Mitsunori Yoshimoto1, Satoshi Kawaguchi, Tsuneo Takebayashi, Satoshi Isogai, Yoshiaki Kurata, Shinsuke Nonaka, Gosuke Oki, Ima Kosukegawa, Toshihiko Yamashita.   

Abstract

STUDY
DESIGN: Retrospective case series review of patients showing sciatica without radiographic evidence of nerve root compression.
OBJECTIVE: To elucidate clinical features of sciatica caused by extralumbar spinal lesions. SUMMARY OF BACKGROUND DATA: Sciatica caused by extralumbar spinal lesions has been reported sporadically. Given the paucity of case series studies, however, the pathology and clinical features of such sciatica remain not fully understood.

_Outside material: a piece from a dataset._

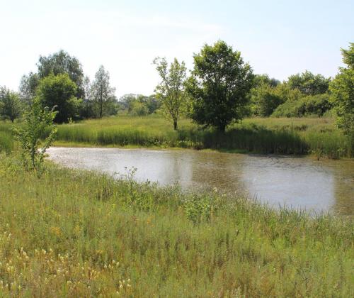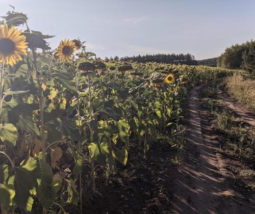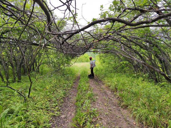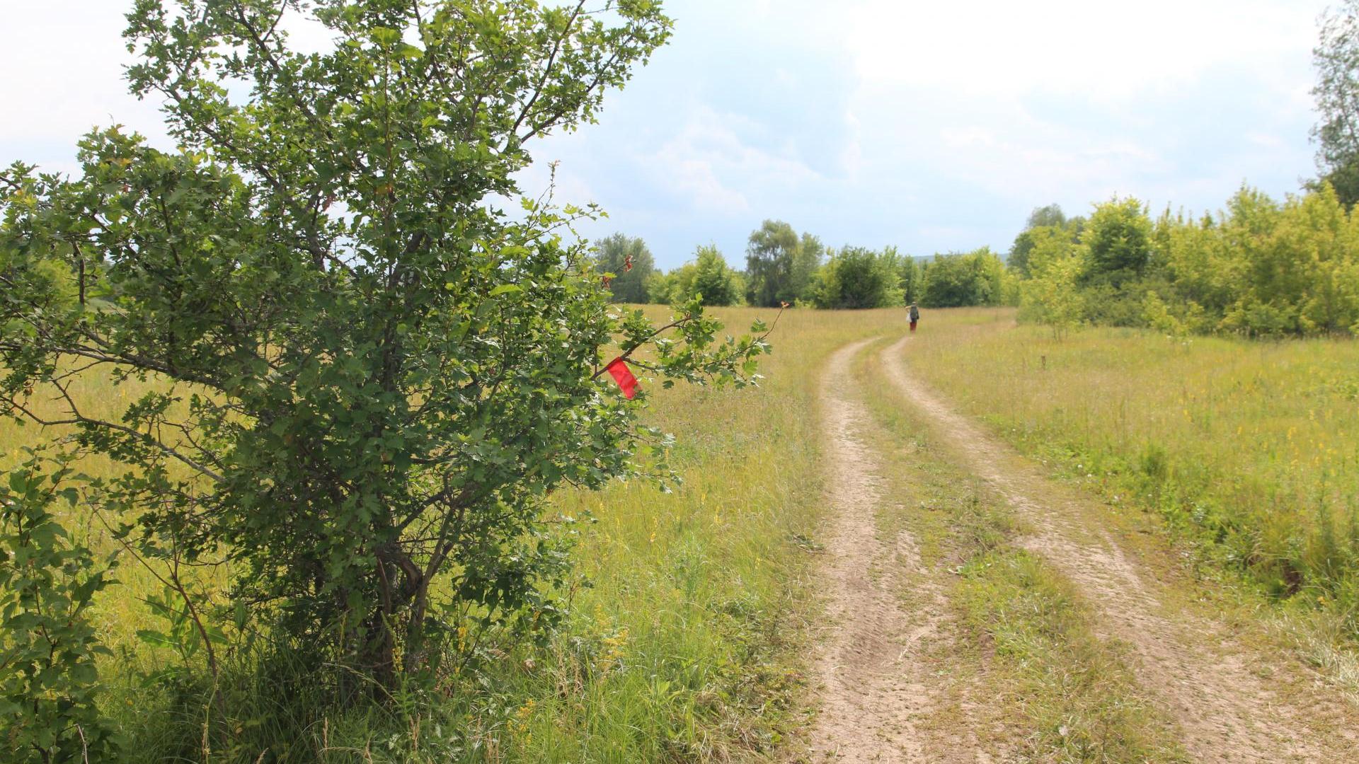 Затем тропа поворачивает налево, на юго-восток, и ещё 2,5 км идёт вдоль полосы деревьев до глиняного карьера, на краю которого обустроена площадка для отдыха. Отсюда, перейдя асфальтовую дорогу, можно выйти к опушке Выползовского бора, где находится нео-языческое капище и дом необычной круглой формы, построенный одним из местных жителей села Выползово.

METHODS: Sixty-one patients who presented with persistent sciatica were examined with lumbar magnetic resonance (MR) imaging. Of these, the records of patients showing no detectable nerve root compression in MR images were reviewed with respect to demographics, neurologic status, further diagnostic procedures, treatments, and treatment outcomes.
RESULTS: Of 61 patients, 10 (16.4%) showed sciatica and a lack of nerve root compression in the lumbar MR imaging. In demographics, there was female sex dominance (9 patients) and right side preference (9 patients). Eight patients exhibited sensory disturbance beyond a single dermatome. Piriformis syndrome was diagnosed in 3 patients and 5 patients were considered to have sacral plexus pathologies associated with gynecologic conditions such as ectopic endometriosis, ovarian cyst, and pregnancy. A review of the literature also supported the right side preference in sciatica associated with gynecologic conditions.
CONCLUSIONS: Piriformis syndrome and gynecologic conditions account for most cases of extralumbar spinal sciatica. Female sex, right side involvement, and overlapping sensory disturbance are suggestive of extralumbar spinal sciatica associated with gynecologic conditions.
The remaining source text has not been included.